## Exercise goal
Everything from the line that contains "占地面積:121.4平方米 | 建筑面積:291平方米 |" through the last line below should be transcribed exactly, except the pictures.

## Information supplied
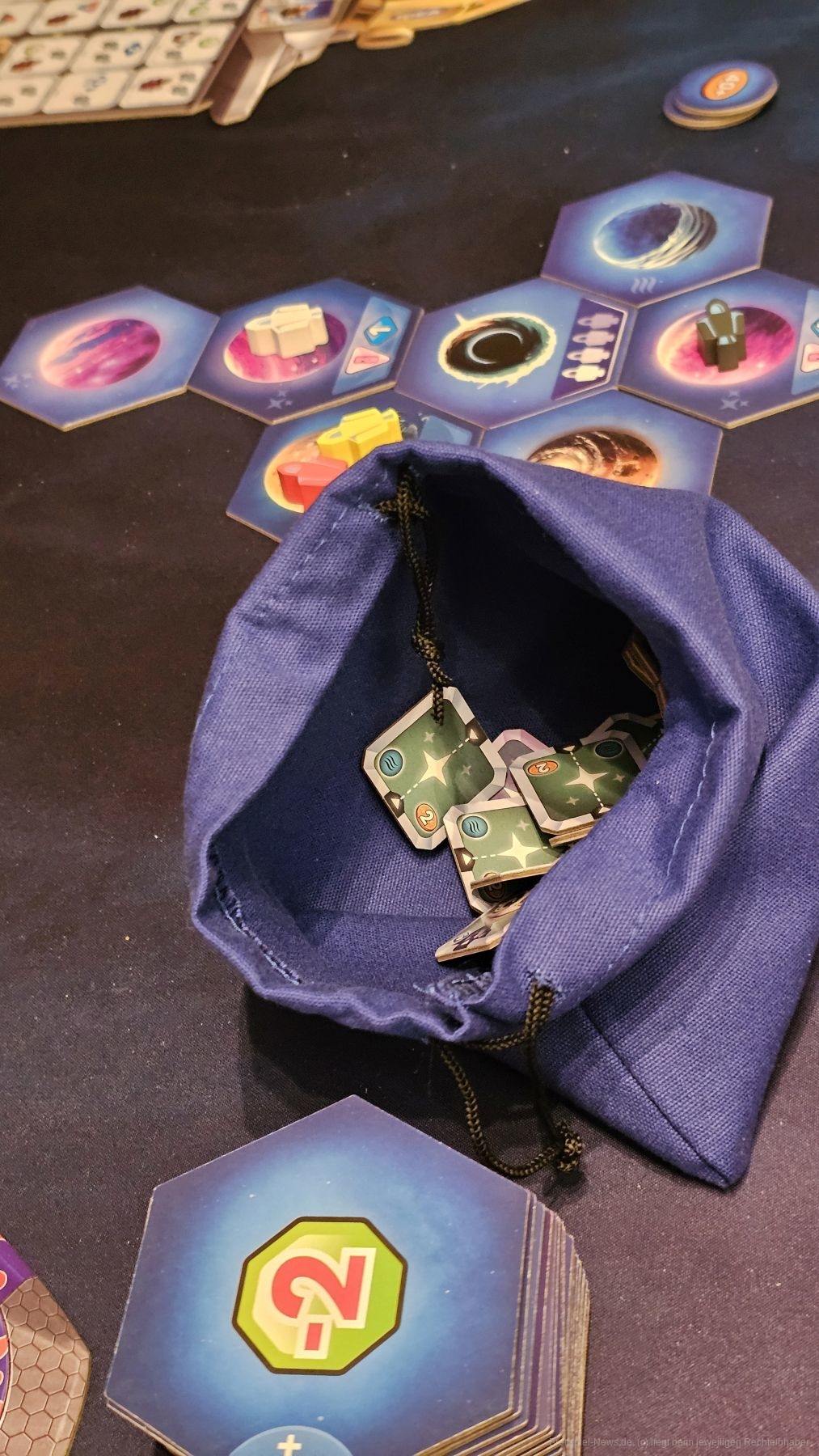 Der Weltraum expandiert mit vielen Personen viel stärker, sodass wir mehr Optionen haben. Das Erkunden selber ist eine nicht zu unterschätzende Mechanik, die aber auch etwas Glück mitbringt. Erkunden wir einen neuen Planeten, erhalten wir Siegpunkte oder Proben, die später Siegpunkte bringen können. Entscheiden wir uns, mit dem letzten Tropfen Treibstoff ein neues Weltraum-Plättchen aufzudecken, müssen wir mit dem leben, was wir vorfinden. So bildet das Erkunden eine Mechanik, die zufällig ist, aber in Kombination mit anderen Aktionen sehr viele Siegpunkte abwerfen kann.
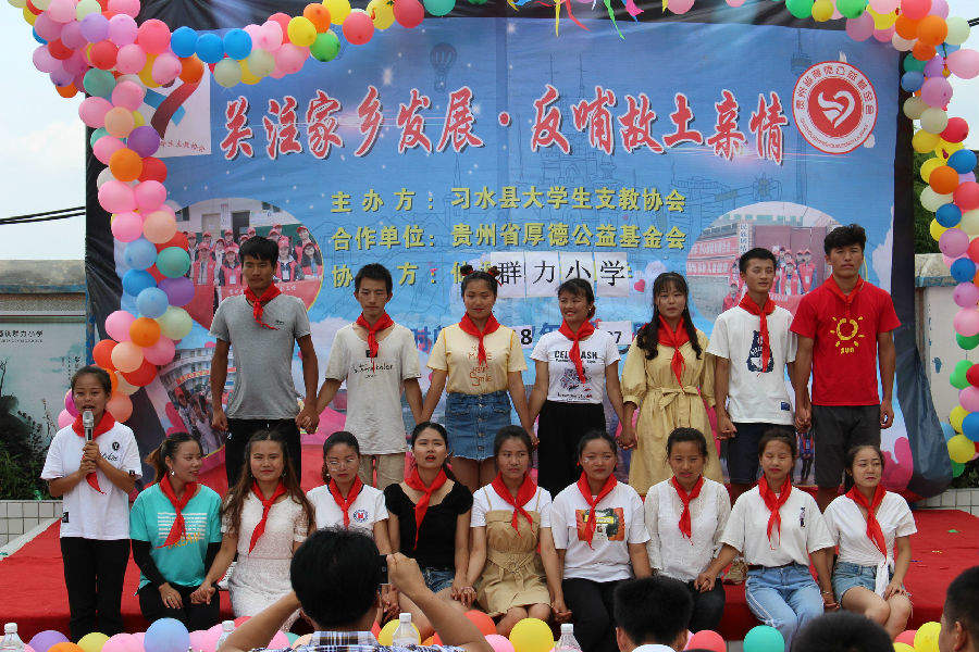 2018年8月7日早上8:30,由贵州省厚德公益基金会“青年公益”项目支持,习水县大学生支教协会中心支教队在习酒镇群力小学开展2018暑假公益支教文艺汇演活动。
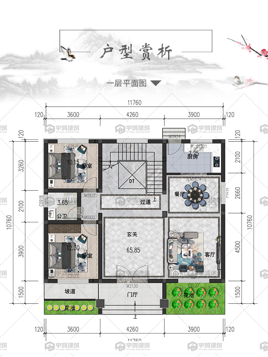 | 開間:11.7米 | 進深:10.7米 | 占地面積:121.4平方米 | 建筑面積:291平方米 |
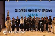 재외동포청은 11월 18일부터 20일까지 ‘제27회 재외동포 문학상 시상식 및 수상자 초청행사’를 성황리에 개최했다. 올해로 27번째를 맞이한 재외동포 문학상은 한글 문학 창작을 통해 재외동포의 정체성을 고취하고, 재외동포와 우리 국민들 간의 문화적 소통을 확대하기 위해 마련된 공모전이다. 금년에는 총 61개국 965명이 2,467편을 접수해, 응모자가 전년도 대비 91%가 증가하며 사상 최대의 참가율을 보였다. 이번 시상식에는 치열한 경쟁률을 뚫고 선정된 시·단편소설·수필 3개 부문, 총 12명의 수상자가 참석했다. 특히, 올해 처음으로 수상자 전원을 초청해 국내 문인들과의 교류 및 문화체험 프로그램을 진행했다. 김경협 재외동포청장은 18일 수상자들과 오찬을 함께하며 수상을 축하했다. 이 자리에서 김경협 청장은 “금년도에 처음으로 수상자 전원을 한자리에 모시고 행사를 개최하게 되어 더욱 의미가 깊다”며, “앞으로도 작품활동을 통해 한국 문학의 위상을 높이고 한국과의 유대를 계속 이어나가 주기를 바란다”고 말했다. 시상식은 19일 서울 종로 교원투어 콘서트홀에서 열렸으며,

## Output below
 | 開間:11.7米 | 進深:10.7米 | 占地面積:121.4平方米 | 建筑面積:291平方米 |
 재외동포청은 11월 18일부터 20일까지 ‘제27회 재외동포 문학상 시상식 및 수상자 초청행사’를 성황리에 개최했다. 올해로 27번째를 맞이한 재외동포 문학상은 한글 문학 창작을 통해 재외동포의 정체성을 고취하고, 재외동포와 우리 국민들 간의 문화적 소통을 확대하기 위해 마련된 공모전이다. 금년에는 총 61개국 965명이 2,467편을 접수해, 응모자가 전년도 대비 91%가 증가하며 사상 최대의 참가율을 보였다. 이번 시상식에는 치열한 경쟁률을 뚫고 선정된 시·단편소설·수필 3개 부문, 총 12명의 수상자가 참석했다. 특히, 올해 처음으로 수상자 전원을 초청해 국내 문인들과의 교류 및 문화체험 프로그램을 진행했다. 김경협 재외동포청장은 18일 수상자들과 오찬을 함께하며 수상을 축하했다. 이 자리에서 김경협 청장은 “금년도에 처음으로 수상자 전원을 한자리에 모시고 행사를 개최하게 되어 더욱 의미가 깊다”며, “앞으로도 작품활동을 통해 한국 문학의 위상을 높이고 한국과의 유대를 계속 이어나가 주기를 바란다”고 말했다. 시상식은 19일 서울 종로 교원투어 콘서트홀에서 열렸으며,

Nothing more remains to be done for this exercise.